• **The data**
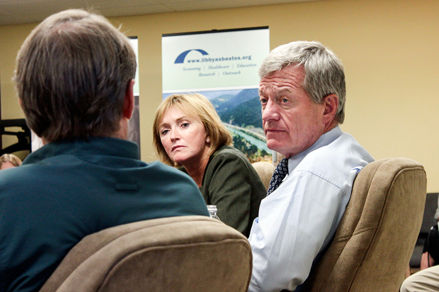 Medicare and Medicaid Services Administrator Marilyn Tavenner, center, and former Sen. Max Baucus listen to Dr. Brad Black of the CARD Clinic on a visit to Libby. Beacon File Photo
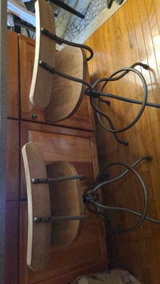 A waste of money....wood seats and backs are such poor quality will need to be sanded before I could even sit on them due to open grain and very rough surfaces. The base of the chairs are so tippy one can rock back and forth. Sad because I love the look, been searching for unique counter height chairs for over a year. Would NOT recommend!
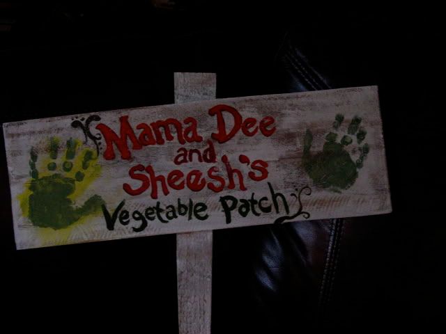 | Hi Everyone. Someone asked me to post a couple of pictures of the potager and the dogs. I hope there aren't too many repeats here. This sign was a Christmas present from Mary, Brandon, and Charlie. Charlie's little handprints on there. He comes over every day in the summer and eats from the veggies. Mary and Brandon said he thinks every veg comes from our garden. He made up Skip's grandpa name, just started calling him Sheesh.

• **Assignment**
Every line from the one containing "A waste of money....wood" through the last line of the data, both included, is to be repeated exactly; the pictures are to be left out.

• **Solution to this task**
 A waste of money....wood seats and backs are such poor quality will need to be sanded before I could even sit on them due to open grain and very rough surfaces. The base of the chairs are so tippy one can rock back and forth. Sad because I love the look, been searching for unique counter height chairs for over a year. Would NOT recommend!
 | Hi Everyone. Someone asked me to post a couple of pictures of the potager and the dogs. I hope there aren't too many repeats here. This sign was a Christmas present from Mary, Brandon, and Charlie. Charlie's little handprints on there. He comes over every day in the summer and eats from the veggies. Mary and Brandon said he thinks every veg comes from our garden. He made up Skip's grandpa name, just started calling him Sheesh.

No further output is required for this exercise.